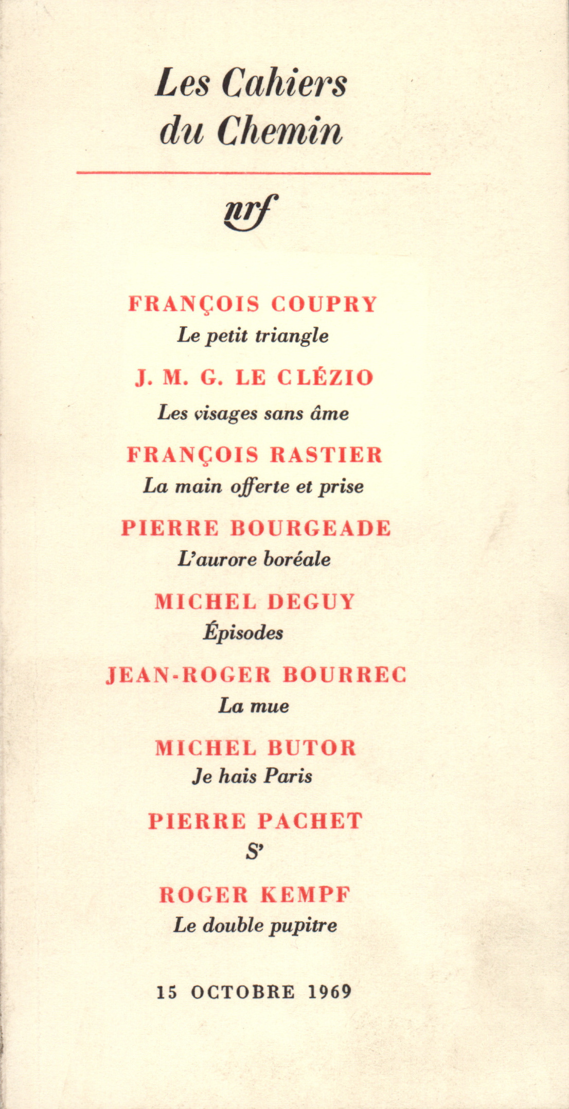 François Coupry, Le petit triangleJ. M. G. Le Clézio, Les visages sans âmeFrançois Rastier, La main offerte et prisePierre Bourgeade, L'aurore boréaleMichel Deguy, ÉpisodesJean-Roger Bourrec, La mueMichel Butor, Je hais ParisPierre Pachet, S'Roger Kempf, Le double pupitre
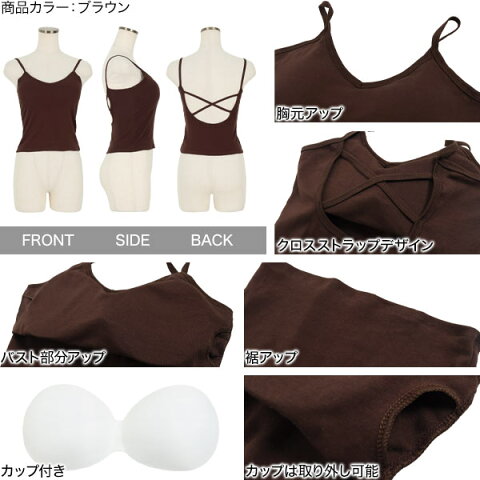 バックオープンカップ付きキャミソール [C5524] レディース トップス キャミ インナー クロスストラップ 綿 デイリー 夏 キャミソール カップ付き おしゃれ シンプル ブラトップ バックシャン カットソー レイヤード 白 黒 ブラウン
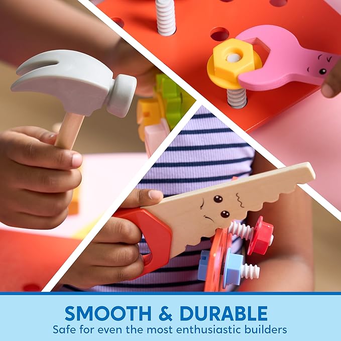 - Trusted Quality: Made from durable wood with a non-toxic coating, this tool set features a smooth, polished finish and rounded edges, ensuring it's safe and easy to grip for small hands. Its sturdy construction guarantees long-lasting use, making it a reliable addition to any playroom. Ideal for those looking for wooden toys and Montessori toys for 3-year-olds, it stands out among toys and gifts
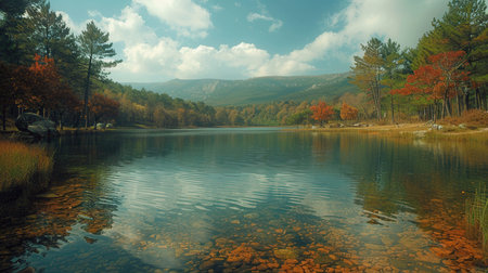 Autumn landscape with lake and forest in mountains. Colorful trees on the shore.
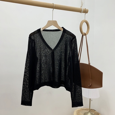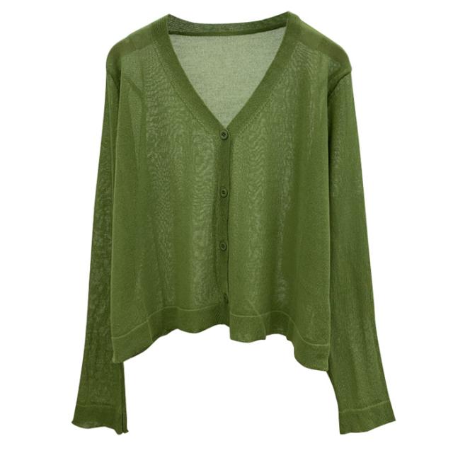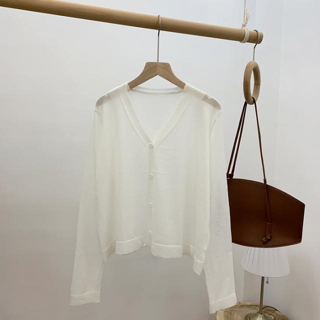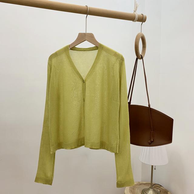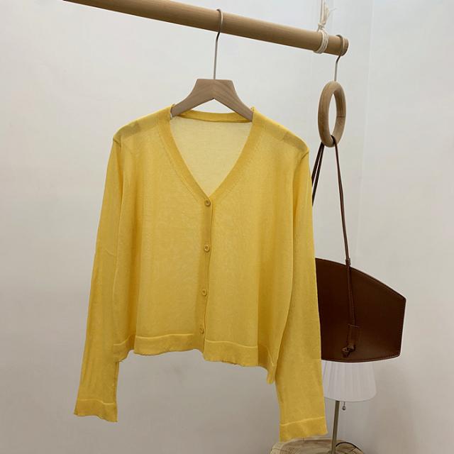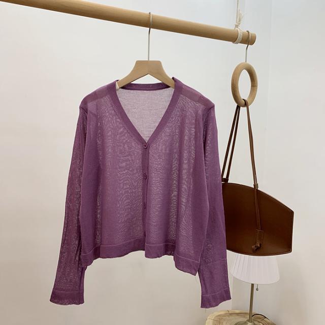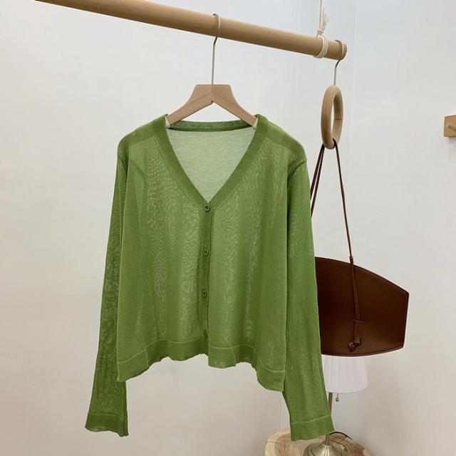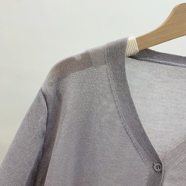 Vネック サマーニット カーディガン トップス アウター ショート ショート丈 袖あり 長袖 前開き 編み込み 透け感 かわいい 大人可愛い きれいめ シンプル カジュアル 大人 上品 おしゃれ 大人女子 こなれ感 ラブリー モード系 モダン 抜け感 無地 春 夏 10代 20代 30代 40代
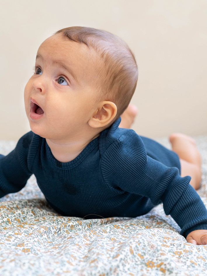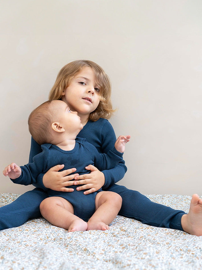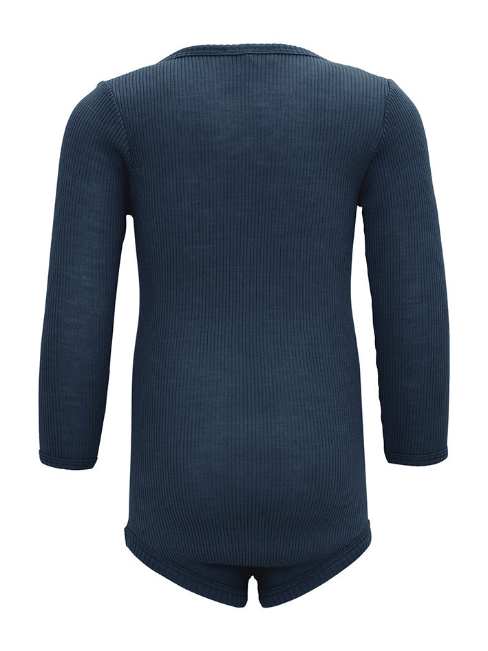 This bestselling long-sleeve Minimalisma Alaska rib Body in Midnight features a soft envelope neck for convenient dressing and nappy changes; whether pulled up or down. This body is crafted from soft merino Wool with self-fabric bindings around the leg-opening and three nickel-free YKK buttons for quick and easy outfit changes. Wool is naturally antibacterial, making it an excellent choice as a first layer for babies.
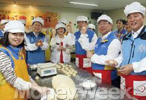 이날 진행된 '따뜻한 국수나눔' 행사에서 그들은 늘 입던 검은색 재킷을 벗고 각자 허리에 앞치마를 둘렀다. 요리사 모자까지 눌러쓴 이들의 모습은 권위 있는 금융 CEO가 아닌 영락없는 옆집 아저씨였다. 이날 한 회장과 CEO들은 서툰 솜씨지만 정성을 다해서 직접 밀가루를 반죽해 국수가락을 뽑았다.
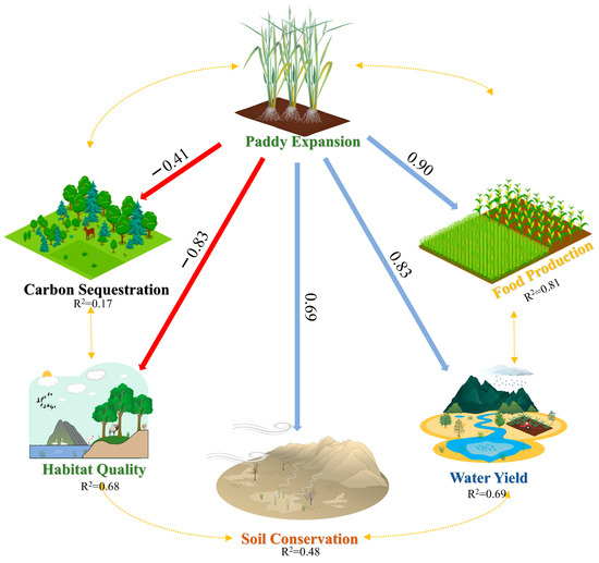 Although paddy field expansion promotes FP, it also affects regional ESs. We analyzed the effects of paddy field expansion on five ESs using the PLS-SEM model, and the results showed that paddy field expansion had a negative effect on CS and HQ, with coefficients of −0.409 and −0.827, respectively. Paddy field expansion directly contributed to SC, WY, and FP, with coefficients of 0.689, 0.828, and 0.898. Our study found that paddy field expansion leads to a reduction in the area of wetlands, forests, and grasslands, and that ecosystems such as wetlands and forests have high CS capacity. Converting these ecosystems to paddy fields reduces the vegetation cover and leads to a decrease in the regional CS. In addition, paddy field expansion can lead to the destruction of natural ecosystems such as wetlands and forests, reducing wildlife habitat and biodiversity, resulting in a decline in HQ [64]. Although paddy field expansion has a negative effect on CS and HQ, Paddy field expansion has a positive effect on the other three ESs. On the one hand, paddy farming can reduce soil erosion and improve soil retention through the root system of rice and soil moisture conditions. Irrigation systems and water management practices in paddy fields can increase WY in the region and promote water recycling. On the other hand, paddy field expansion directly increases the area under rice cultivation and enhances FP. In conclusion, paddy field expansion has had a complex impact on the ESs of the SJP, yielding both positive and negative effects.
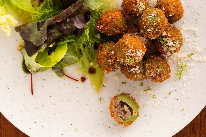 來自義大利中部 Marche 地區的炸橄欖,如今已成了義大利酒吧中最受歡迎的佐酒小菜之一。主廚特別選用了西西里綠橄欖,雖然個頭不大,卻甜而不澀。將其手工去核後,塞入紐西蘭羊絞肉,再裹上酥脆的粉狀麵糊,經過油炸而成。橄欖的清爽和羊肉的鹹香相得益彰,令人垂涎欲滴。
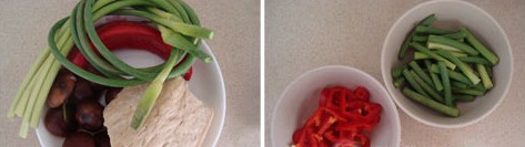 2、蒜苔、紅椒洗凈,蒜苔切段,紅椒切圈待用;
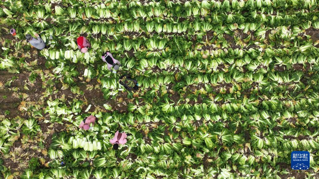 11月28日,山東省臨沂市郯城縣馬頭鎮圩東村菜農在收獲大白菜,確保市場(chǎng)供應(無(wú)人機照片)。
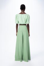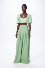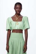 O top Kiara CRIS BARROS é fresh e moderno. De Jaipur, tecido de fibras naturais com caimento leve e fluido. Possui shape cropped, decote quadrado, busto e mangas, estruturadas curtas, com detalhes franzidos, além de zíper lateral invisível.
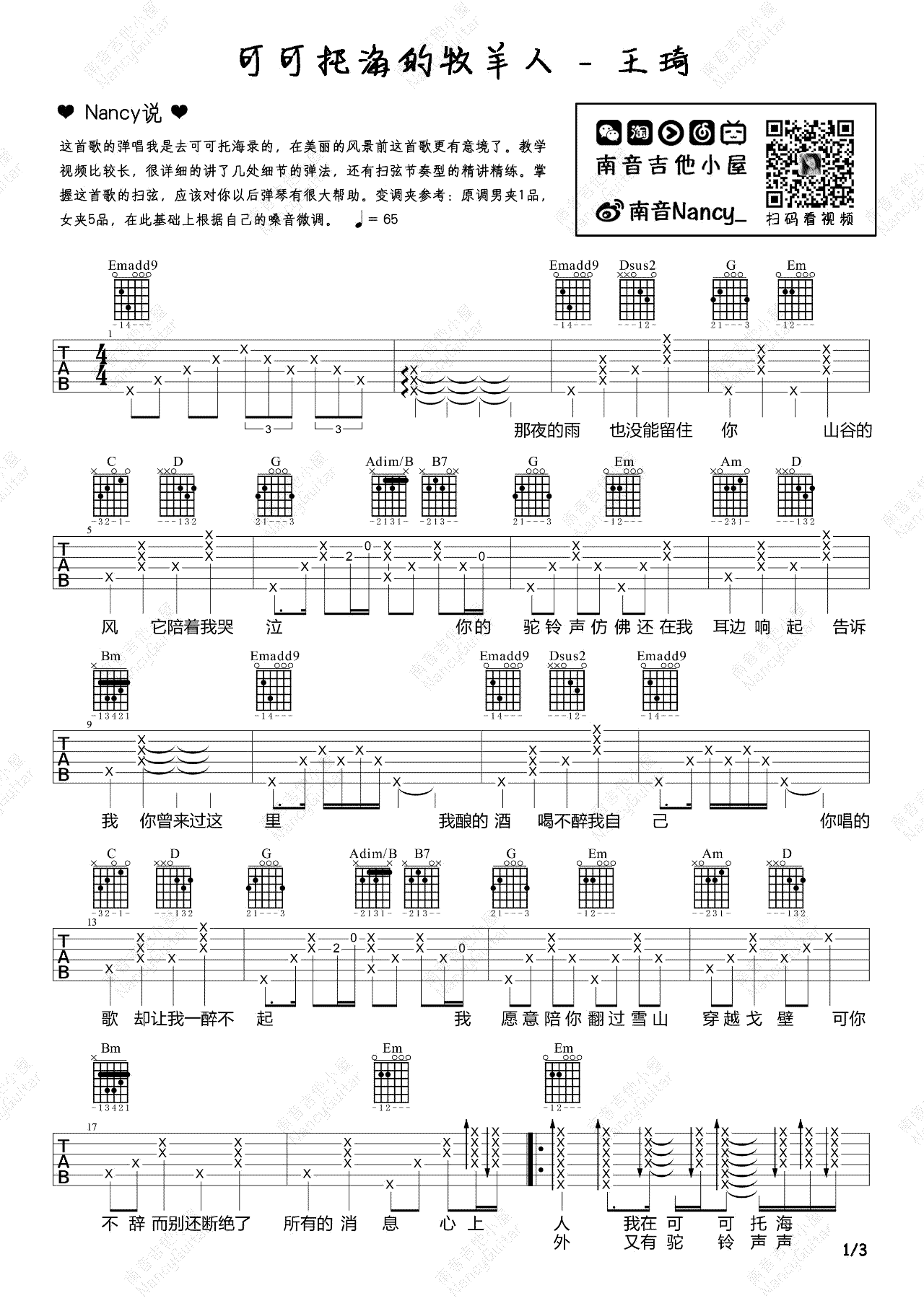 当前位置:琴谱网>吉他弹唱>可可托海的牧羊人
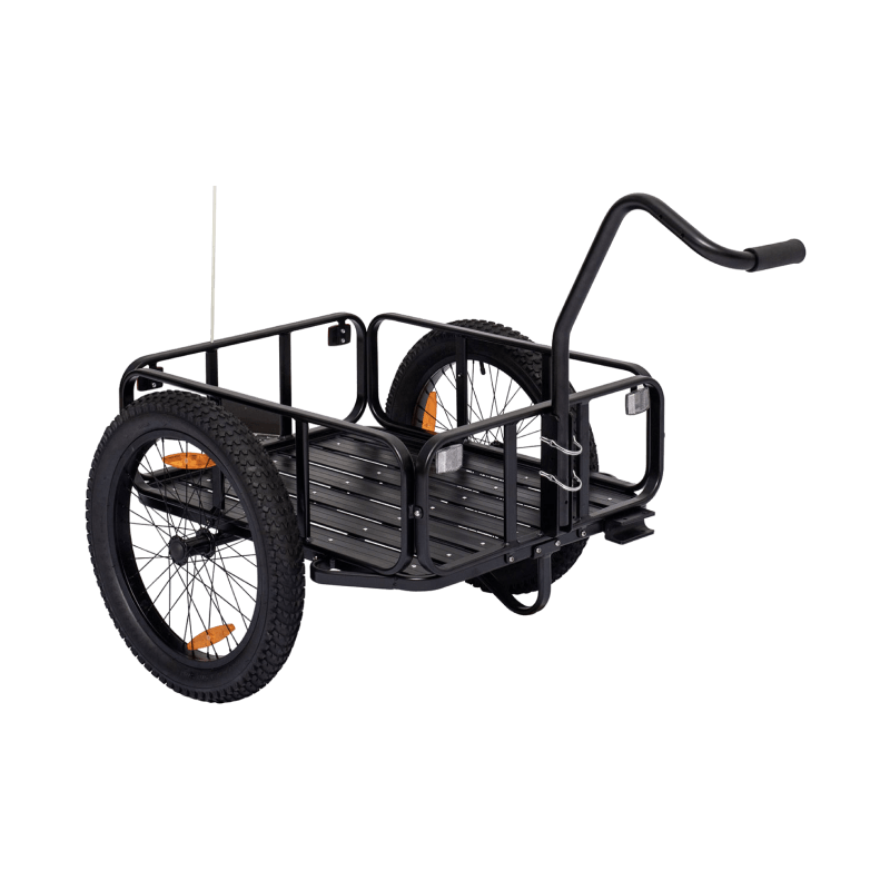 Fallegur matt svartur eftirvagn festist við afturfelgu á Rawbike rafmagnshjólin. Stöngin milli vagns og hjóls er viðsnúanleg þannig einnig er hægt að nota vagninn sem litla handdregna kerru.

:::::

Would you return the material exactly, images excluded?

 François Coupry, Le petit triangleJ. M. G. Le Clézio, Les visages sans âmeFrançois Rastier, La main offerte et prisePierre Bourgeade, L'aurore boréaleMichel Deguy, ÉpisodesJean-Roger Bourrec, La mueMichel Butor, Je hais ParisPierre Pachet, S'Roger Kempf, Le double pupitre
 バックオープンカップ付きキャミソール [C5524] レディース トップス キャミ インナー クロスストラップ 綿 デイリー 夏 キャミソール カップ付き おしゃれ シンプル ブラトップ バックシャン カットソー レイヤード 白 黒 ブラウン
 - Trusted Quality: Made from durable wood with a non-toxic coating, this tool set features a smooth, polished finish and rounded edges, ensuring it's safe and easy to grip for small hands. Its sturdy construction guarantees long-lasting use, making it a reliable addition to any playroom. Ideal for those looking for wooden toys and Montessori toys for 3-year-olds, it stands out among toys and gifts
 Autumn landscape with lake and forest in mountains. Colorful trees on the shore.
 Vネック サマーニット カーディガン トップス アウター ショート ショート丈 袖あり 長袖 前開き 編み込み 透け感 かわいい 大人可愛い きれいめ シンプル カジュアル 大人 上品 おしゃれ 大人女子 こなれ感 ラブリー モード系 モダン 抜け感 無地 春 夏 10代 20代 30代 40代
 This bestselling long-sleeve Minimalisma Alaska rib Body in Midnight features a soft envelope neck for convenient dressing and nappy changes; whether pulled up or down. This body is crafted from soft merino Wool with self-fabric bindings around the leg-opening and three nickel-free YKK buttons for quick and easy outfit changes. Wool is naturally antibacterial, making it an excellent choice as a first layer for babies.
 이날 진행된 '따뜻한 국수나눔' 행사에서 그들은 늘 입던 검은색 재킷을 벗고 각자 허리에 앞치마를 둘렀다. 요리사 모자까지 눌러쓴 이들의 모습은 권위 있는 금융 CEO가 아닌 영락없는 옆집 아저씨였다. 이날 한 회장과 CEO들은 서툰 솜씨지만 정성을 다해서 직접 밀가루를 반죽해 국수가락을 뽑았다.
 Although paddy field expansion promotes FP, it also affects regional ESs. We analyzed the effects of paddy field expansion on five ESs using the PLS-SEM model, and the results showed that paddy field expansion had a negative effect on CS and HQ, with coefficients of −0.409 and −0.827, respectively. Paddy field expansion directly contributed to SC, WY, and FP, with coefficients of 0.689, 0.828, and 0.898. Our study found that paddy field expansion leads to a reduction in the area of wetlands, forests, and grasslands, and that ecosystems such as wetlands and forests have high CS capacity. Converting these ecosystems to paddy fields reduces the vegetation cover and leads to a decrease in the regional CS. In addition, paddy field expansion can lead to the destruction of natural ecosystems such as wetlands and forests, reducing wildlife habitat and biodiversity, resulting in a decline in HQ [64]. Although paddy field expansion has a negative effect on CS and HQ, Paddy field expansion has a positive effect on the other three ESs. On the one hand, paddy farming can reduce soil erosion and improve soil retention through the root system of rice and soil moisture conditions. Irrigation systems and water management practices in paddy fields can increase WY in the region and promote water recycling. On the other hand, paddy field expansion directly increases the area under rice cultivation and enhances FP. In conclusion, paddy field expansion has had a complex impact on the ESs of the SJP, yielding both positive and negative effects.
 來自義大利中部 Marche 地區的炸橄欖,如今已成了義大利酒吧中最受歡迎的佐酒小菜之一。主廚特別選用了西西里綠橄欖,雖然個頭不大,卻甜而不澀。將其手工去核後,塞入紐西蘭羊絞肉,再裹上酥脆的粉狀麵糊,經過油炸而成。橄欖的清爽和羊肉的鹹香相得益彰,令人垂涎欲滴。
 2、蒜苔、紅椒洗凈,蒜苔切段,紅椒切圈待用;
 11月28日,山東省臨沂市郯城縣馬頭鎮圩東村菜農在收獲大白菜,確保市場(chǎng)供應(無(wú)人機照片)。
 O top Kiara CRIS BARROS é fresh e moderno. De Jaipur, tecido de fibras naturais com caimento leve e fluido. Possui shape cropped, decote quadrado, busto e mangas, estruturadas curtas, com detalhes franzidos, além de zíper lateral invisível.
 当前位置:琴谱网>吉他弹唱>可可托海的牧羊人
 Fallegur matt svartur eftirvagn festist við afturfelgu á Rawbike rafmagnshjólin. Stöngin milli vagns og hjóls er viðsnúanleg þannig einnig er hægt að nota vagninn sem litla handdregna kerru.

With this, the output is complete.